Q. N'y a-t-il pas une tendance, chez les conseillers, à s'ingérer dans la conduite des activités qui sont les seules prérogatives des officiels de la municipalité?

R. Au départ, nous avons eu certains problèmes car des conseillers, soucieux de prendre leur rôle au sérieux, s'étaient, non pas ingérés, mais informés d'une manière systématique de ce qui se faisait. Cela a handicapé le travail des officiers. A la lumière de cette expérience, de nouvelles règles ont été apportées aux Standing Orders selon lesquelles les conseillers doivent au préalable obtenir l'assentiment du maire avant d'approcher un officiel. Les conseillers peuvent du reste aller vers les présidents des différentes commissions qui connaissent bien les rouages administratifs. Il est nécessaire ici de souligner cependant qu'alors que les fonctions de maire ont été jusqu'ici purement honorifiques — 'Coupe-rubans' — nous avons décidé d'assumer ces fonctions à plein temps. Cela nous a été reproché car, d'après la loi, la fonction administrative du maire s'arrête à la signature des chèques. Nous allons donc, il est vrai, au-delà de ce que la loi nous permet de faire et cela parce que nous avons trouvé qu'elle ne nous permettait pas d'assumer nos fonctions qui sont de surveiller que la politique dictée par le conseil soit appliquée. Du reste, les cinq principaux fonctionnaires de la municipalité sont heureux de pouvoir partager leurs problèmes avec le personnel politique afin de prendre une décision ensemble.

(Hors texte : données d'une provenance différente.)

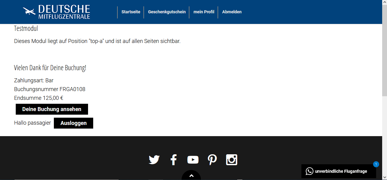 Wenn ich nun eine Buchung tätige, wird das Testmodul nicht angezeigt.

Q. Quelles ont été vos réalisations jusqu'ici?

R. Après avoir expliqué les difficultés auxquelles nous avons à faire face, on pourrait penser que nous n'avons rien fait. Et pourtant, à part même du marché et de la voirie, dont je vous ai déjà parlé, à part de l'amélioration et de la décentralisation des services, nous avons fait beaucoup d'innovations de nature à aider tous les habitants de Beau- Bassin & Rose-Hill. Tout d'abord, nous avons détruit la distinction qui existait, avant nous, entre la nouvelle et l'ancienne ville. Là où il y avait, avant, une certaine discrimination dans le service, nous fournissons un service égal. Avec l'aide du gouvernement français, nous avons lancé quatre écoles maternelles qui sont déjà reconnues comme étant les meilleures de l'île — principalement pour héberger les enfants des familles moins aisées. Nous envisageons la construction de deux nouvelles écoles du même genre. Nous avons décentralisé la bibliothèque. Nous avons remis en état de nombreux terrains de jeux, nous avons inauguré un centre social à Trèfle et par-dessus tout cela, nous avons décommunalisé le sport parmi les 41 clubs sportifs affiliés à la municipalité de Beau-Bassin et Rose-Hill. Aucun club à caractère communal ne peut maintenant se servir du stade de Rose-Hill.